2)      Dependence on key customers

a.       Top 5 customers represent half of receivables. 

b.       Loss of each will be material, but as shown on the previous losses, can be fully offset with reallocation of the freed-up capital into share repurchases.

3)      General financial black-box nature.  Hard to gauge credit quality until it is too late

a.       The company has a great track record and was profitable in 2008-2009.  Based on my model it will be making money with the charge off levels experienced in 2008-2009 (LSD ROE).

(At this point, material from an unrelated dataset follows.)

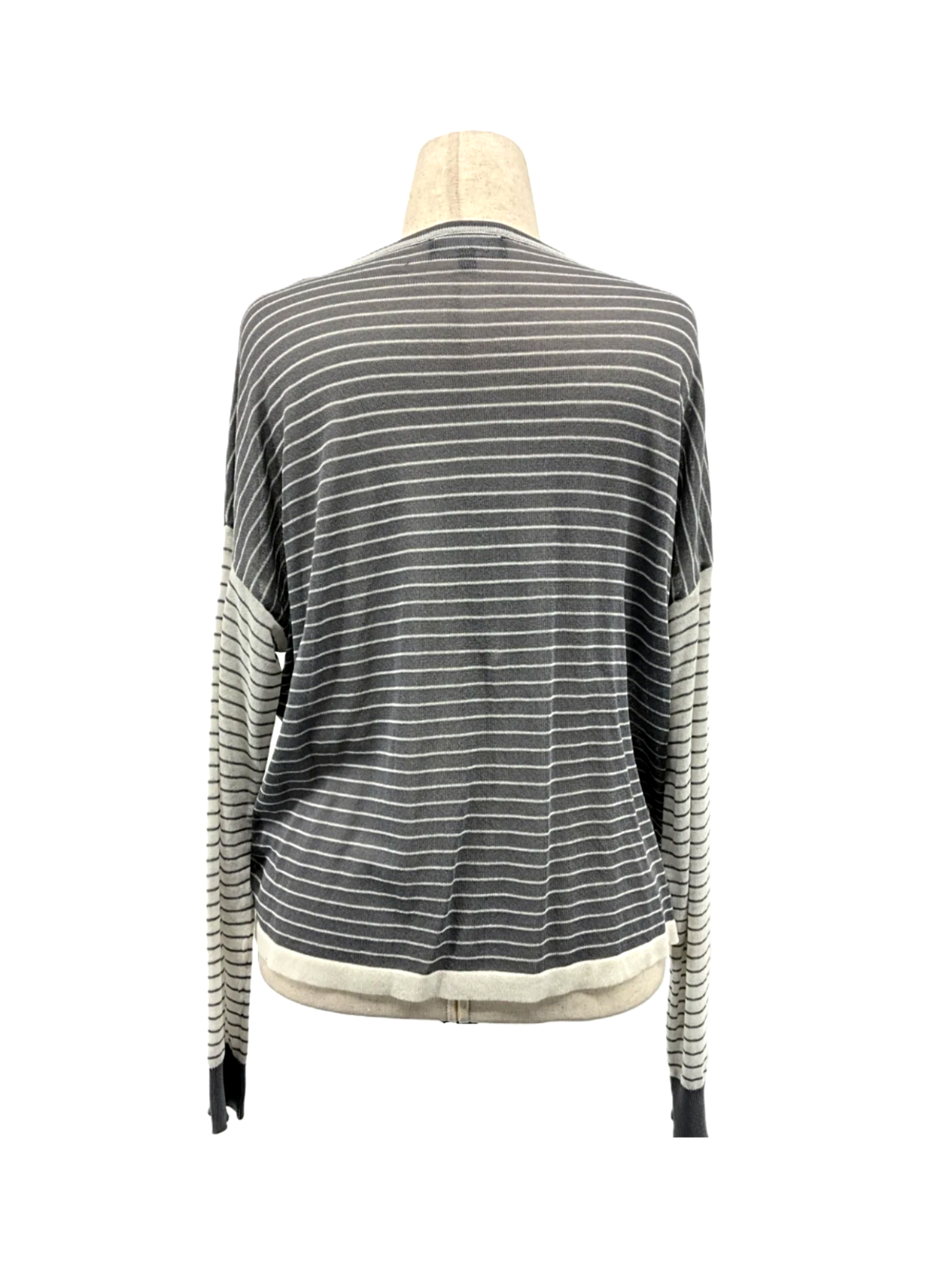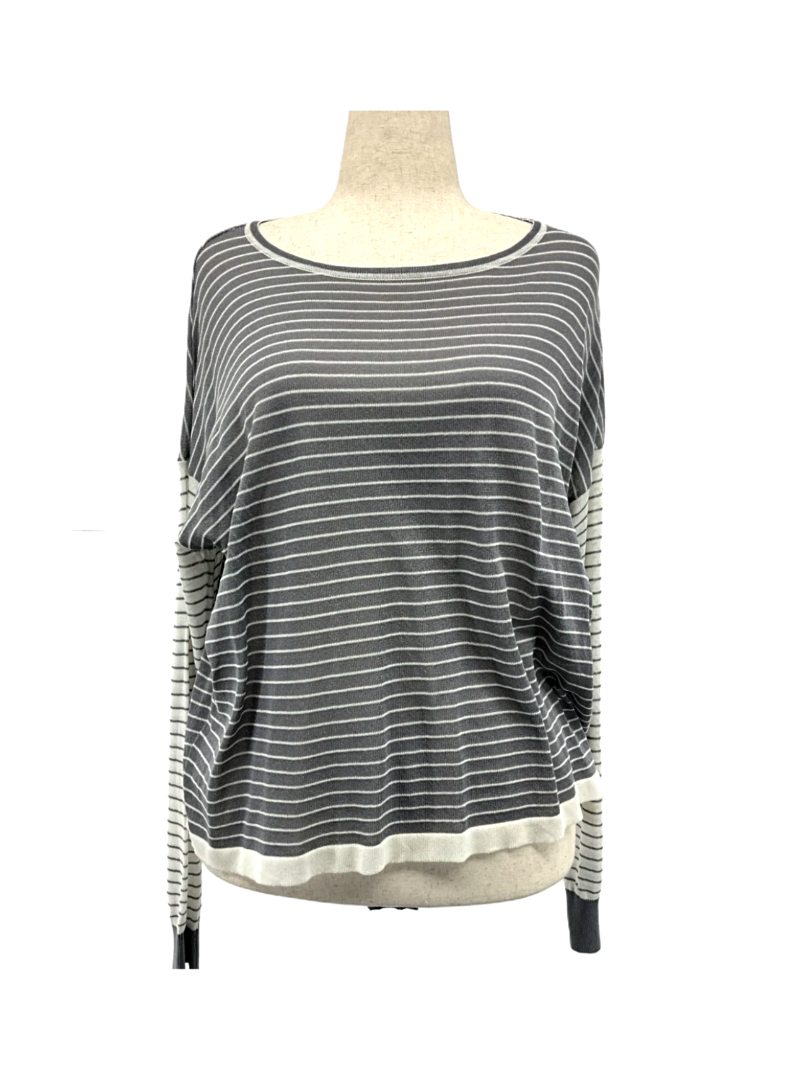 This pre-owned Lulus sweater is a stylish addition to any wardrobe. Featuring a classic striped pattern in gray and white, it offers a versatile look suitable for various occasions. Crafted from a blend of viscose and polyester, this sweater provides both comfort and durability. The round neck and long sleeves offer a flattering silhouette. Perfect for layering during cooler seasons or wearing on its own, this sweater is a must-have for those seeking a blend of style and practicality.

b.       Management gave up on two large customers when the program was below their return hurdle and then they returned the capital to shareholders.

4)      Regulation / “Usury rates” rhetoric

a.       I do not have specific insights.

b.       It is not a new industry and the FCPB has been around for over a decade.

5)      Credit cycle turning

a.       Unlikely an immediate threat given the savings and overall debt levels.

b.       Synchrony has a good track record of not losing money in a downturn (including 2008-2009).  Their customer credit profile had never been better (highest FICOs, etc.).

Disclaimer:  This is intended for information purposes only (not investment advice) and should not be relied upon as a basis for investment.  The author holds a position in the issuer and undertakes no obligation to update any future changes in the position or in the investment opinions expressed herein.









I do not hold a position with the issuer such as employment, directorship, or consultancy.
I and/or others I advise hold a material investment in the issuer's securities.


Large share repurchases announced after the capital plan is approved (should be in the next few months).